[Opening Dataset entries section]

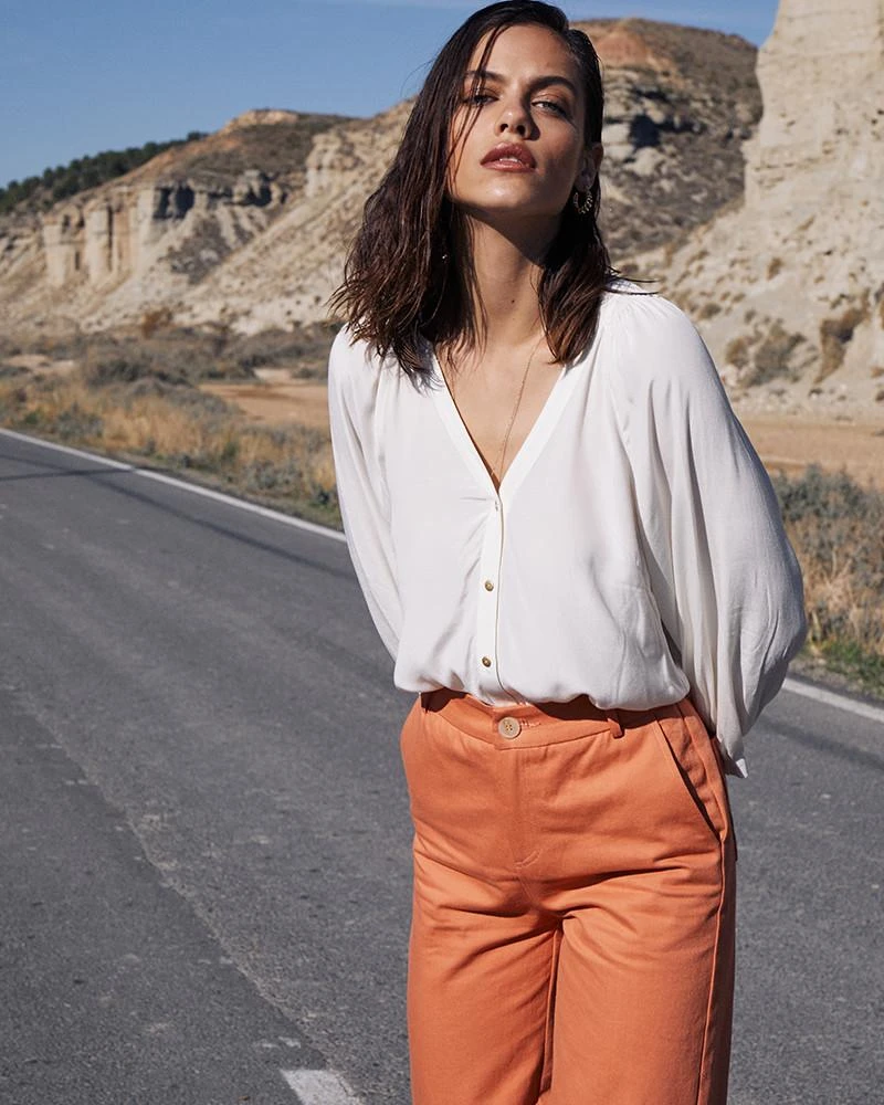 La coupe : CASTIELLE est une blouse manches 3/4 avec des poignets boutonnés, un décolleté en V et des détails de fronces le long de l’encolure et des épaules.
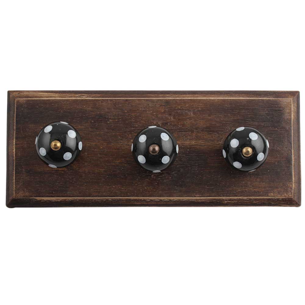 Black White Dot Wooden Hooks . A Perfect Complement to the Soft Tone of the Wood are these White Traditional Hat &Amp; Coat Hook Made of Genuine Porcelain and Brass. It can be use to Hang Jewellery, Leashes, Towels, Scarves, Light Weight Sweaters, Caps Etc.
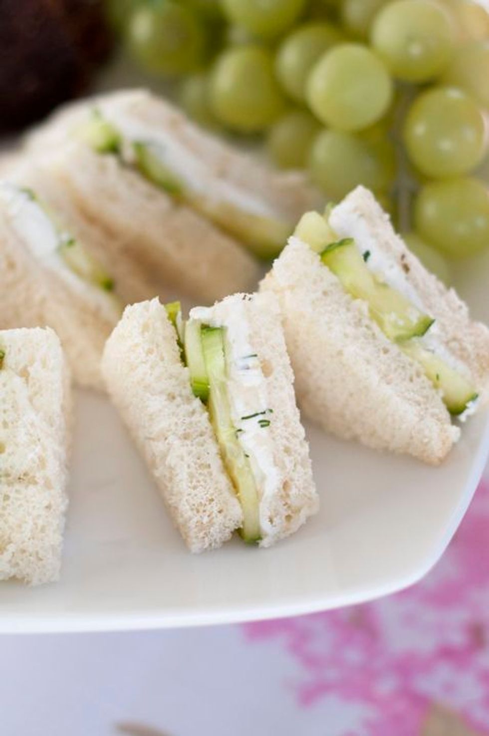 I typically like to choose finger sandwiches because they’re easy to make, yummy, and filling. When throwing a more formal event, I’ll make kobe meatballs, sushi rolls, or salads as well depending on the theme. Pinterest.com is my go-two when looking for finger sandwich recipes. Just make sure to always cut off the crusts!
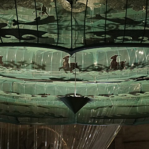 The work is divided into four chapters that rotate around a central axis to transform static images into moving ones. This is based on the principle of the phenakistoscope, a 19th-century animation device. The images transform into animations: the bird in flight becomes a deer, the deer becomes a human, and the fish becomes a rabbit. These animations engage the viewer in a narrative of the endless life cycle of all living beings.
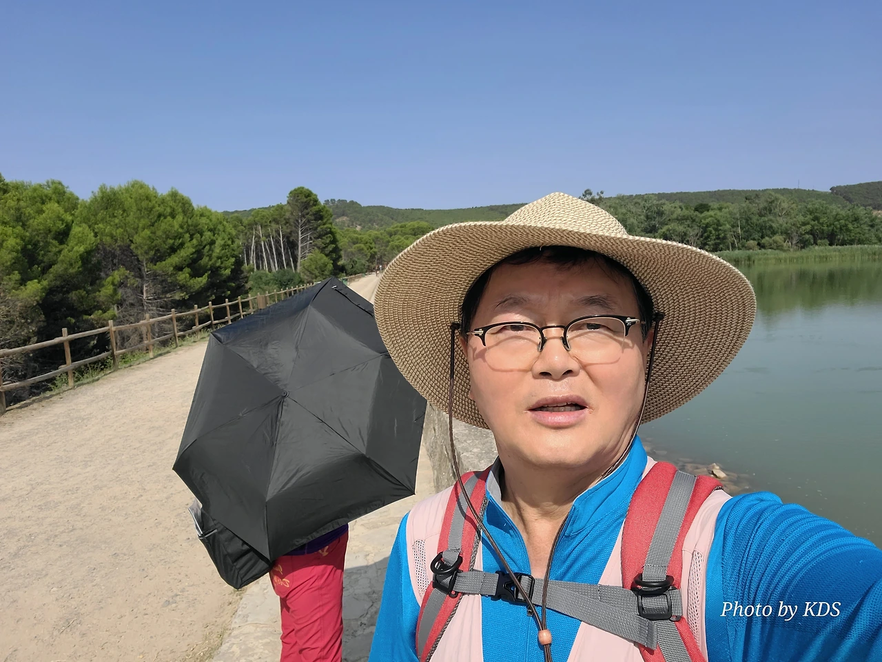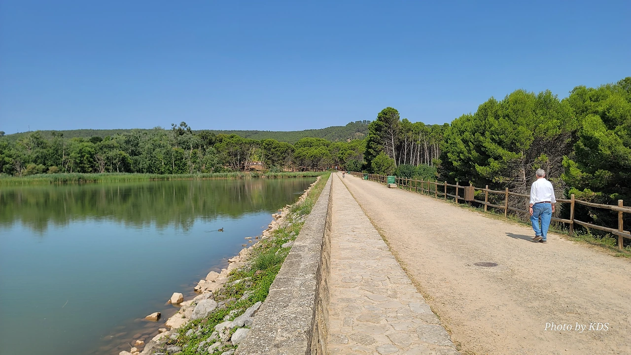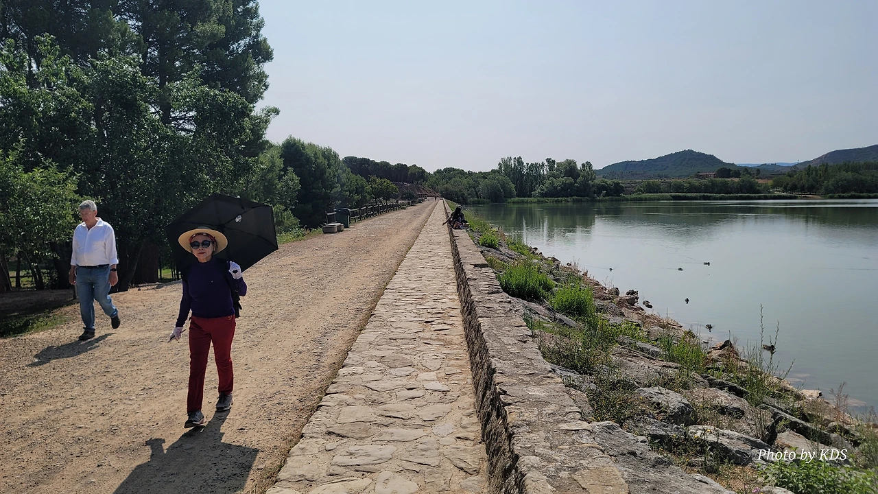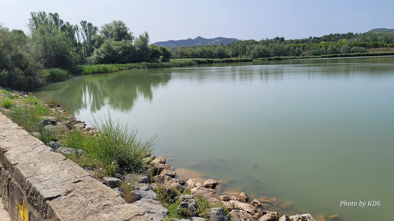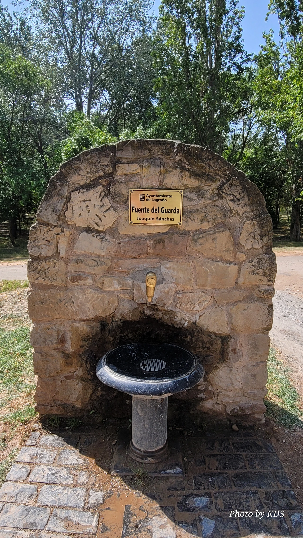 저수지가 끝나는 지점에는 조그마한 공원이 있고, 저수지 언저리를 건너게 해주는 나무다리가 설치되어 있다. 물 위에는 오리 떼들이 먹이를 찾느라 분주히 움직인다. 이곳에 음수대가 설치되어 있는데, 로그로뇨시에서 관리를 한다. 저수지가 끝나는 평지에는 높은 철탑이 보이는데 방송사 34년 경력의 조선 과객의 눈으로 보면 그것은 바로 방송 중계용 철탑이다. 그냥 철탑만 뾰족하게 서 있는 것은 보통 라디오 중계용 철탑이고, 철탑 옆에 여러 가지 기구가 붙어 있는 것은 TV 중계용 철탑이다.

[Closing Dataset entries section]

All of the data must be repeated exactly, except for the pictures.

# Task response
 La coupe : CASTIELLE est une blouse manches 3/4 avec des poignets boutonnés, un décolleté en V et des détails de fronces le long de l’encolure et des épaules.
 Black White Dot Wooden Hooks . A Perfect Complement to the Soft Tone of the Wood are these White Traditional Hat &Amp; Coat Hook Made of Genuine Porcelain and Brass. It can be use to Hang Jewellery, Leashes, Towels, Scarves, Light Weight Sweaters, Caps Etc.
 I typically like to choose finger sandwiches because they’re easy to make, yummy, and filling. When throwing a more formal event, I’ll make kobe meatballs, sushi rolls, or salads as well depending on the theme. Pinterest.com is my go-two when looking for finger sandwich recipes. Just make sure to always cut off the crusts!
 The work is divided into four chapters that rotate around a central axis to transform static images into moving ones. This is based on the principle of the phenakistoscope, a 19th-century animation device. The images transform into animations: the bird in flight becomes a deer, the deer becomes a human, and the fish becomes a rabbit. These animations engage the viewer in a narrative of the endless life cycle of all living beings.
 저수지가 끝나는 지점에는 조그마한 공원이 있고, 저수지 언저리를 건너게 해주는 나무다리가 설치되어 있다. 물 위에는 오리 떼들이 먹이를 찾느라 분주히 움직인다. 이곳에 음수대가 설치되어 있는데, 로그로뇨시에서 관리를 한다. 저수지가 끝나는 평지에는 높은 철탑이 보이는데 방송사 34년 경력의 조선 과객의 눈으로 보면 그것은 바로 방송 중계용 철탑이다. 그냥 철탑만 뾰족하게 서 있는 것은 보통 라디오 중계용 철탑이고, 철탑 옆에 여러 가지 기구가 붙어 있는 것은 TV 중계용 철탑이다.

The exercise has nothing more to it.